There’s a saying that many people can perform well when times are good, but only a few can perform when times are bad. For Malaysian asset and wealth manager, Kenanga Investors Group (“Kenanga Investors”), winner of multiple awards in the Asia Asset Management Best of the Best Awards 2021, this statement rings true. The firm was awarded country awards for Best Equity Manager, Best House for Alternatives, and Best Islamic Fund (Equity). Kenanga Investors’ Chief Investment Officer, Lee Sook Yee, was awarded CIO of the Year.
On the firm’s outperformance in the equity markets last year, Lee credits the company’s adherence to a bottom-up stock picking strategy with a focus on undervalued stocks whose fundamentals are deemed superior and sustainable.
“We keep a close ear to the ground by interviewing corporate managements to have a thorough understanding of the business model, management quality, certainty of earnings growth and the potential risks of the companies we invest in,” she tells AAM. “Unexpected incidents or geopolitical events happen pretty frequently and we rely on this consistency in our processes to help us ride those market highs and to weather the lows.”
In the past year Lee cites growth opportunities that have emerged from work-from-home, gaming from home, streaming from home, artificial intelligence, as well as the general internet space. The firm has also invested in sectors such as healthcare, which saw a sharp increase in demand.
Rising interest in Islamic funds
According to Lee, Shariah funds in general outperformed in 2020, largely due to their lack of exposure to the banking sector, a higher weighting in defensive sectors such as healthcare and telecommunications, and a growing demand for socially responsible investing (SRI). Indeed, the Kenanga Shariah Growth Opportunities Fund, saw its AUM increase by a staggering 2.5 times between December 2019 and November 2020.
“The defensive nature of Shariah funds can provide clients with a more balanced and diversified portfolio of funds which is better able to withstand market shocks.”
Kenanga Investors’ commitment to exploring more ways to bring to market additional forms of Islamic investing saw its recent acquisition of a locally renowned Islamic ETF provider, which Lee is confident will add greater depth to Kenanga Investors’ existing Islamic and ETF offerings.
The past three years have also seen Kenanga Investors establish a solid line of alternative products, which Kenanga Investors’ Executive Director and Chief Executive Officer, Ismitz Matthew De Alwis says have become increasingly important due to distinct benefits they can bring to a portfolio. These include diversification potential, inflation hedging, new exposures and opportunities, and higher returns.
“Our strategy continues to be detecting gaps in product availabilities in the market and packaging these otherwise hard-to-access alternative investment vehicles (due to product complexity, degree of risk and high barriers of entry) for retail clients, where previously these were available only to institutional or corporate clients,” he adds.

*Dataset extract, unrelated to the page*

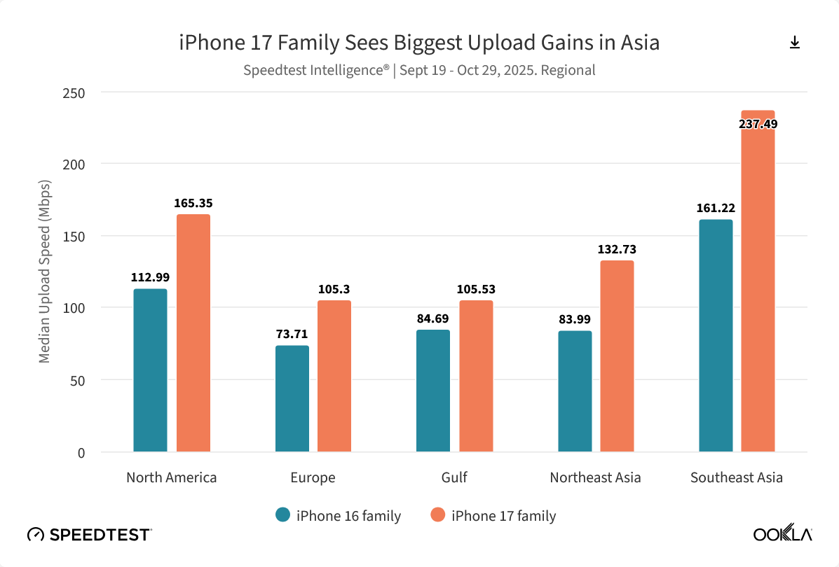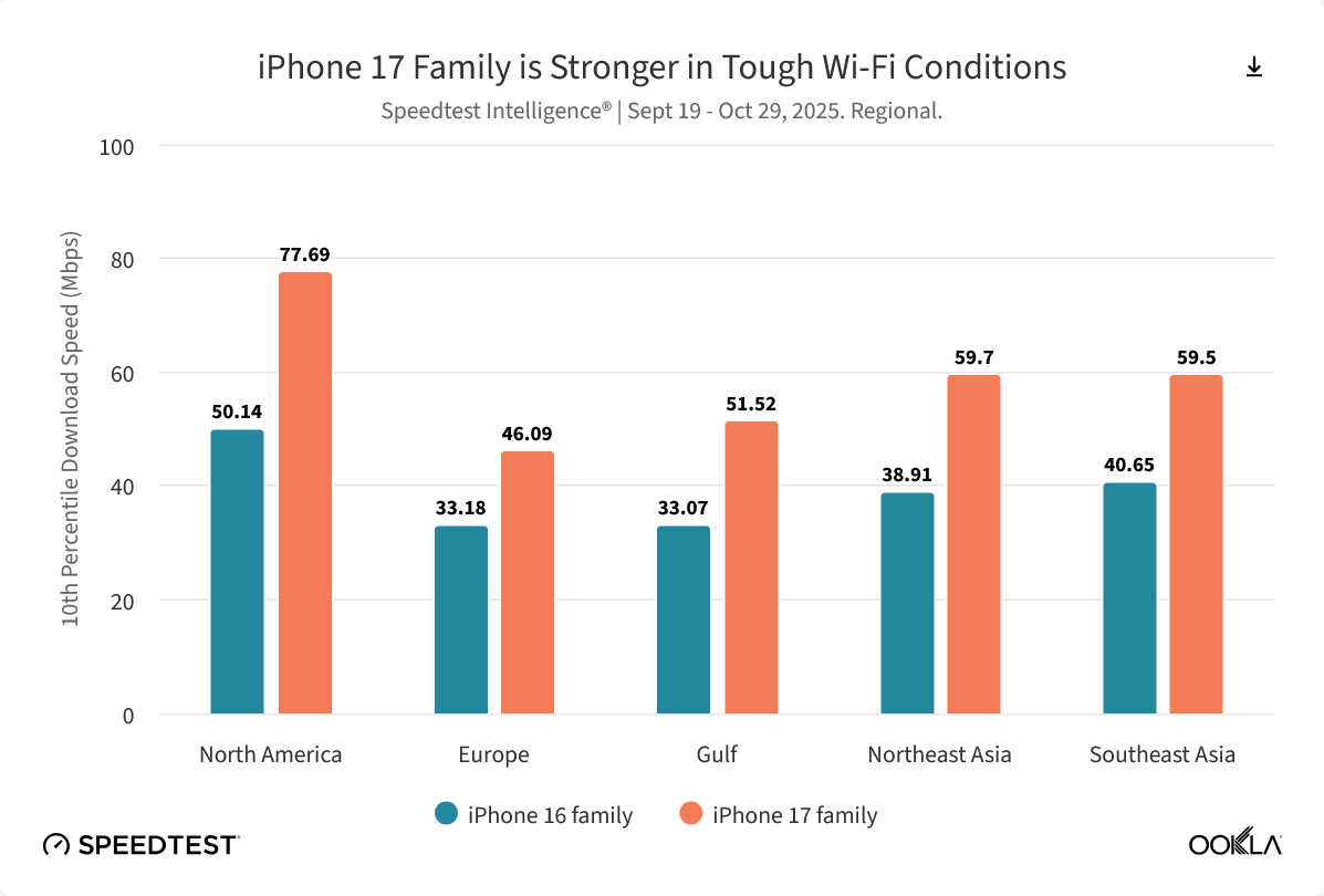 根據(jù) iPhone 17 上市后六周的全球?qū)崪y(cè)數(shù)據(jù),N1 芯片帶來(lái)了質(zhì)的飛躍。與采用博通芯片的 iPhone 16 系列相比,iPhone 17 的全球中位數(shù)下載速度從 236.46 Mbps 提升至 329.56 Mbps,上傳速度也從 73.68 Mbps 躍升至 103.26 Mbps,兩項(xiàng)增幅均高達(dá) 40%。IT之家附上相關(guān)圖片如下:
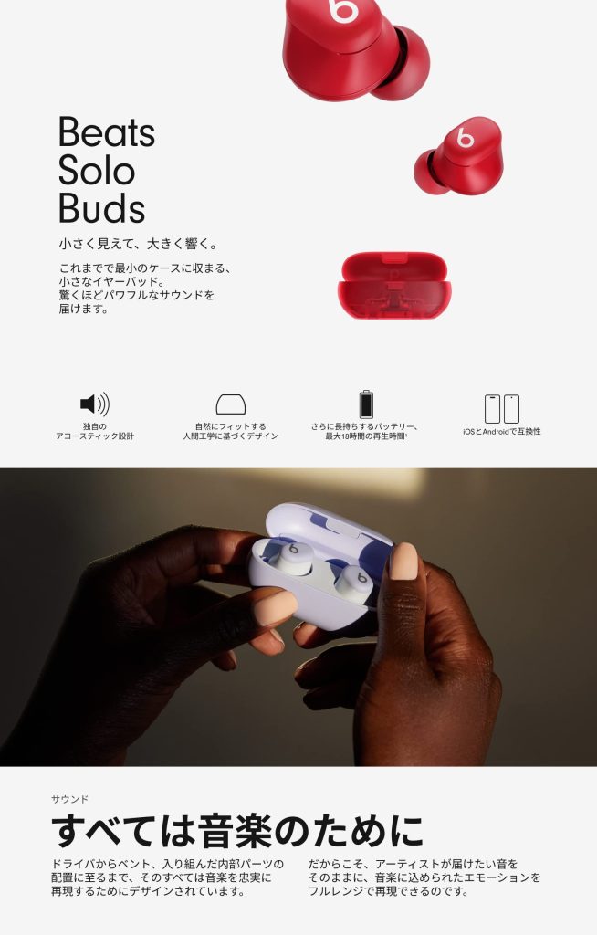 Beats Solo Budsは、AppleとAndroid両方のデバイスに対応しており、幅広いユーザーにとって使いやすい製品です。iPhoneやiPadといったApple製品はもちろん、SamsungやGoogleのAndroidスマートフォンとも互換性があり、簡単にBluetoothで接続することが可能です。この互換性の高さにより、異なるOSのデバイスを使い分けている人でも、どちらのデバイスでもスムーズに接続できるのが特徴です。さらに、内蔵マイクが搭載されているため、通話も快適で、ビジネスシーンやオンラインミーティングなどでも重宝します。

Through a number of strategic collaborations, the company launched Malaysia’s first AI-driven fund – the Kenanga Global Multi Asset Fund – which in 2020 garnered various international accords, and the Kenanga Global Unicorn, designed to allow retail clients to participate in the growth of start-ups. Last year also saw the launch of the third tranche of the firm’s AUD Alternative Income Fund Series and the several high-yielding structured debts and equity wrappers.
As a signatory to the Malaysian Institutional Investors Council and member of the Institutional Investors Council, Kenanga Investors is highly committed to the growing interest in Islamic investing and SRI in general. In the year ahead, De Alwis sees the development of waqf, an Islamic philanthropic-based vehicle for social development, public good and wealth distribution as one area of significant potential.
“There will be efforts to increase the level of sustainable waqf assets, through fund management or capital raising, in sectors such as healthcare, education and community development. This will become an integral component of the Islamic wealth management value chain and provide opportunities for all Malaysians to invest with professional fund managers while performing waqf and contributing to societal and community development throughout the country,” he explains.
In the coming year the firm is also looking to launch a new multi-purpose digital platform, which will serve the needs of clients, advisers, customer front desk, finance reconciliation and even operations processing. “Eventually we will be able to offer end-to-end services for clients to access multiple products such as unit trusts, PRS, AMP, financial planning, insurance, and treasury from this single system point across multiple channels including web and mobile applications.”